Full disclosure: I was a little weary about interviewing Passion Pit, not because their music isn’t amazing (it is), but to talk to a band at the career-point PP are at can be a little trying. They’ve spent over a year touring the same record, the golden debut Manners, and have probably answered whatever questions I can cook up countless times.
However, I find that opposite attitude in frontman and main creative force Michael Angelakos [pictured above]. Instead of being weighed down by time, he seems to be invigorated by it, eager to get some choice words off his chest about press, hype, and the journey of his band.
We also got some of the first words on new Passion Pit material, so read on.
Q: I saw your Toronto show about a year ago, and I was surprised by the audience reception. They weren’t just into it, they were loving it. It was very euphoric.
A: Where was that?
Q: Lee’s Palace.
A: Oh, wow. A lot’s changed since then.
We have a really fantastic fan base, and the music is by nature participatory. Audience members should feel like they’re a part of the music right off the bat. If people are singing along to the music, sonically that works really well, because that’s the way it’s supposed to sound; there’s almost no vocal effects on the record, but my voice is layered - anywhere from four to 40 layers -- so that lends itself it to that kind of euphoria. Like everyone is playing along.
But I wasn’t a very big fan of that Lee’s Palace show. We had a lot of sound problems. I couldn’t hear myself at all. And there was a backstage area that got stormed afterward.
Q: You seem to have a pretty good memory of individual shows.
A: I am very keenly aware of how this band has blown up. People think things have just escalated, but it did at the worst possible time, when I was not ready to do it. It reared its head and demanded we work and perform and tour, and we weren’t ready for any of that. It was around the time of that Lee’s Palace show.
Q: So has 2010 been functionally easier?
A: Yeah, I think that’s about growing up. Coming to terms with the fact that a side-project got a lot of recognition. Everyone demanding all these things from you...and I’m talking about indie labels. We have to strike while the iron’s hot, we understand that. But we also felt like we had to grow up. We were in the limelight, everyone was paying attention to us in a gestation period. We hadn’t really learned the songs or come together as a band.
In my head (Passion Pit) was fully developed, but it takes time to live up to hype.
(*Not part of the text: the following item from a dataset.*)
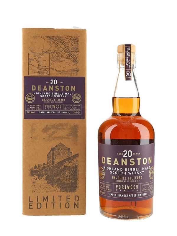 A bottle of Deanston 20 Year Old Single Malt Scotch Whisky finished in portwood casks and bottled at 54.2%.
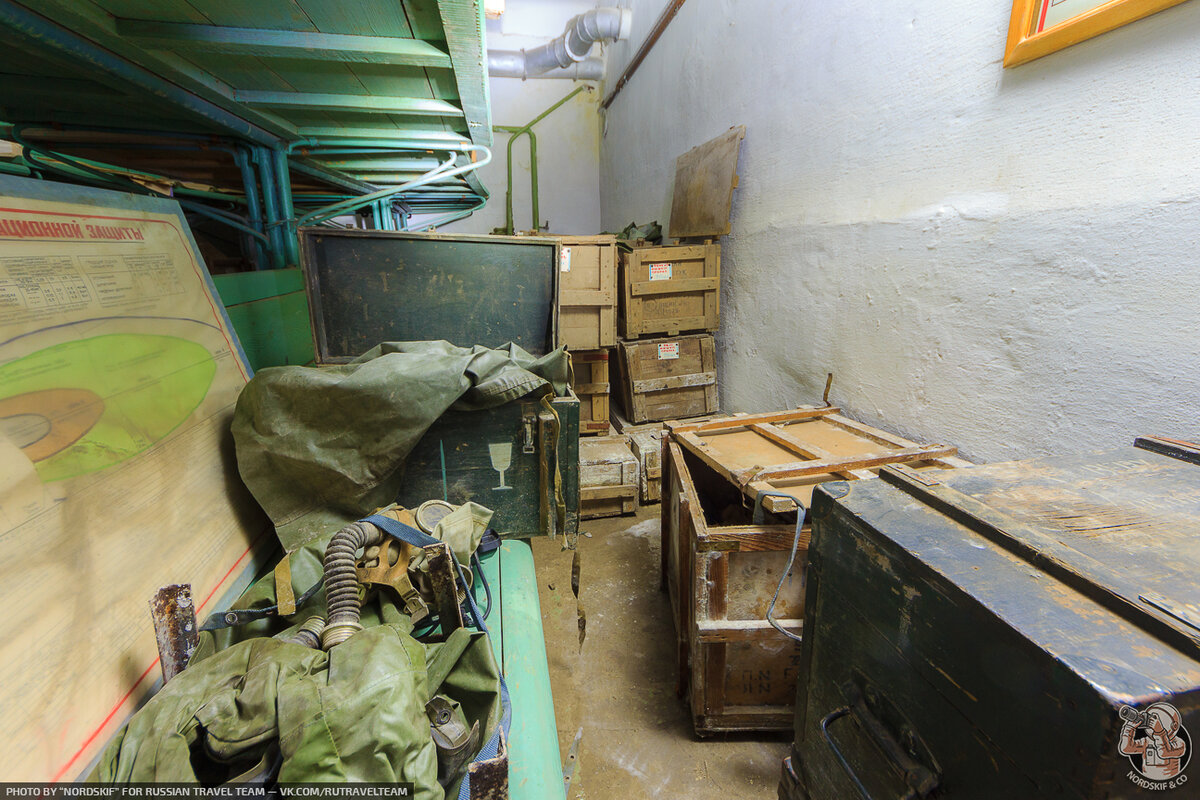 Тем не менее на вопросы гражданской обороны тут забили ещё при действующем предприятии — помещения захламлены и всё, что должно лежать на складе СИЗ зачем-то разложено на нарах.

That’s the problem with bands these days that get tons and tons of hype, but they just can’t deliver. It just happens so quickly, and you have to work really, really hard. Vampire Weekend is a great example of a band that faced a lot of adversity, but they did well. They came out with a great second record.
Q: They seemed to be fully prepared for backlash.
A: I think they really wanted it. I wasn’t sure if I really wanted it. I think they loved the hate, people talking about them. All that comes with being a buzz band, and they embraced it.
I didn’t embrace it. I took it personally, I felt like I was in high school. Bottom line is, we’ve come a really long way, and I’m really proud of the band. People can say they don’t like our music, but they can’t say we can’t perform it anymore. We’ve learned, that’s for sure.
Q: All the adversity has made you stronger, as a unit?
A: It’s at least put everything in perspective. We are extremely fortunate, with over a year into our record, and we’re still making a living doing what we love to do. And now we’re pretty good at it [laughs]. I couldn’t be more excited about the future, about the next record.
Q: What is the word on that?
A: I have a lot of personal work to do, a lot of “me time.” I need to decompress, and re-evaluate the things I need. And the band has a bunch of side-projects to take on full force. But we’ll start pre-production pretty soon. I’ve noted November 1 as when I’ll really, really start writing.
The great thing about Columbia and major labels, though you hear horror stories about major labels, is that they were really very relaxed. Manners, they came into the studio once - “Sounds great, keep doing it!”
Q: Will the studio recordings again rest mostly on your shoulders?
A: Yeah, that’s how it works. That’s how we operate.
Q: What direction do you think the new material will take, as opposed to the sound we heard on Manners?
A: It’s not going to contrast that much. It definitely will be less giddy. I’m not going to think about it too much, I just want it to be the prettiest, most gorgeous record I could make. Live, we’ve tried to see what works and what doesn’t, but unfortunately, a lot of stuff works! We could go in a bunch of different directions. It will be much longer as well. I’m just really excited to stop touring and get into the studio.
Q: I look forward to seeing where the sound can go after your debut.
A: See, to me, Manners wasn’t a debut record...
Q: You had the Chunk of Change EP out.
A: But I feel this will be the third record. I don’t have that sophomore-slump fear. I’m not scared. It’s going to be an awesome album. I’m going to love making it, and I hope everyone that loves our music loves it, and even people who didn’t like Manners.
Q: I’m sure that self-confidence will feed into the music.
A: You have to have self-confidence. People are like bees. They smell fear.